If an unpled theory of recovery is fully tried by consent of the parties, the trial court "may base its decision on that theory and may deem the pleadings amended accordingly, even though the theory was not set forth in the pleading or the pretrial order." MBI Motor Co. v. Lotus/East, Inc., [1974] USCA6 799; 506 F.2d 709, 710-11 (6th Cir. 1974). If evidence was introduced at trial, without objection, that might be relevant to an unpled theory it must at least appear in the record "that the parties understood the evidence to be aimed at the unpleaded issue." Id. In the absence of such an understanding, it is reversible error for the court to base its decision on issues not pled. Id. See also Aiken County v. BSP Div. of Envirotech Corp., [1989] USCA4 40; 866 F.2d 661, 668 (4th Cir. 1989) [It is an abuse of discretion for a trial court to sua sponte amend a complaint to add an issue not pled or tried].


The central reason for these rules is to give the adverse party sufficient notice to enable them to be properly prepared to oppose the claim. Otherwise, the adverse party is denied the opportunity to adequately litigate the issue.


We now must analyze the pleadings and evidence presented at trial in light of the foregoing principles.


IV. ANALYSIS


It is clear that the theory of unjust enrichment was never plead by Paneria. The only theory in the complaint was that Paneria was the rightful owner of the land and that Apweteko had trespassed. Paneria did not move to amend the pleadings before, during or after trial. The only evidence introduced at trial that might have been relevant to this unpled theory was the testimony that Paneria and family had worked the land for some years. This evidence was introduced and aimed at the issue of ownership not the recovery of unjust enrichment. There is nothing in the record to indicate any party understood that the unpled theory of unjust enrichment was an issue before the trial court.
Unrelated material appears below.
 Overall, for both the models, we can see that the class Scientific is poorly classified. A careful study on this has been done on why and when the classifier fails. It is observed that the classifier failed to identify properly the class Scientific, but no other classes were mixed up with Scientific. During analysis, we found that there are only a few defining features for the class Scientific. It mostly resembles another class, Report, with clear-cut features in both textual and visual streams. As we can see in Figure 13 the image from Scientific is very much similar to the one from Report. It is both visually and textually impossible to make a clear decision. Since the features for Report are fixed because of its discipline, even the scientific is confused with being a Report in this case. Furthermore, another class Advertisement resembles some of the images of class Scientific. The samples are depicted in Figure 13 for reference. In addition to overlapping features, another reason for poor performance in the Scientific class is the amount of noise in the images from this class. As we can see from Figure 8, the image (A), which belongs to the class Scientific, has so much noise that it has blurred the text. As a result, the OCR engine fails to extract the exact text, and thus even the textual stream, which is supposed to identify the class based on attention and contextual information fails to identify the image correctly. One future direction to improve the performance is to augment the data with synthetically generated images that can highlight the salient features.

This situation illustrates the reason for the rule. The trial court found that Paneria and family were farming land that did not belong to them. But the court also found that Paneria was not at fault since Fisenta had not clearly indicated the location of the property she sold. Nor was Apweteko at fault as Paneria was in effect a trespasser although under a mistaken assumption of ownership.
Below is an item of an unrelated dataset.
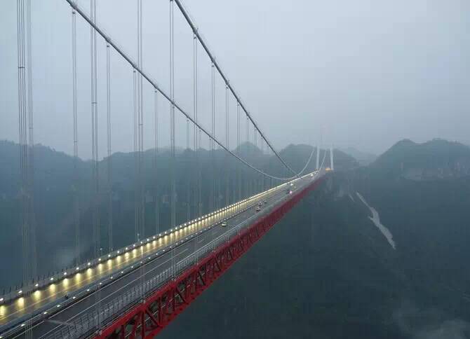 矮寨特大懸索橋,位于湖南湘西矮寨鎮(zhèn)境內(nèi)。矮寨懸索橋,距吉首市區(qū)約20公里,跨越矮寨鎮(zhèn)附近的山谷,德夯河流經(jīng)谷底,橋面設(shè)計標高與地面高差達330米左右,全長1073.65m,懸索橋的主跨為1176m。該橋跨越矮寨大峽谷,主跨居世界第三、亞洲第一。
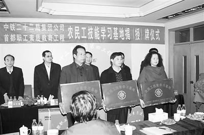 3月23日,中国铁建二十二局集团公司在位于北京房山区的第四公司项目部举行2012年北京市首批农民工技能学习基地揭(授)牌仪式。据悉,北京市自去年以来实施首都职工素质教育工程,以提高广大职工和农民工素质。中铁二十二局集团在2012年北京市首批15家首都职工素质教育工程基地中有4家入选正式授牌,成为在京央企授牌最多企业。

Had the issue of unjust enrichment been properly pled or had the parties understood that issue was being tried perhaps Fisenta would have been made a party to the action. Additionally, if proper notice had been given, Apweteko may have been able show an off-set to Paneria's claim. Apweteko may have been able to present evidence of the value of the benefit Paneria gained from the taros taken during the five years of farming. Apweteko may also have been prepared to prove the fair rental value Paneria should have had to pay to farm someone else's land. But since no one was on notice or understood these questions were in issue, none of these facts were presented.
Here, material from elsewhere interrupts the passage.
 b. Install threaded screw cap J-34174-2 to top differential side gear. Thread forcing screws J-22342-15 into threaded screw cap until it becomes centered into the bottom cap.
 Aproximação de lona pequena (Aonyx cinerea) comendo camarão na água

As a result, we must hold that the court below committed reversible error by basing its decision on a theory of recovery that was not raised by the pleadings nor tried by consent or understanding of the parties.


V. CONCLUSION


The trial court determined that Apweteko was the owner of the eastern third of the taro patch in question and that Paneria owned the western third of the taro patch. This was the issue before the court and that part of the judgment is affirmed. But the trial court based the part of its decision awarding Paneria $37,920.00 for damages on a theory of liability that was not contained in the pleadings and was not presented at trial with the consent or understanding of the parties. Thus, the trial court abused its discretion and committed reversible error.


Therefore we affirm the judgment as to the determination of ownership and vacate the award of $37,920.00 damages for unjust enrichment.


* * *


[1] Counsel for the Appellees failed to file an answering brief on behalf of his clients and the Court ordered that the appellees be prohibited from arguing. Even though the appellees' counsel failed to present any brief and was precluded from arguing the appellant still must convince this Court that error was committed.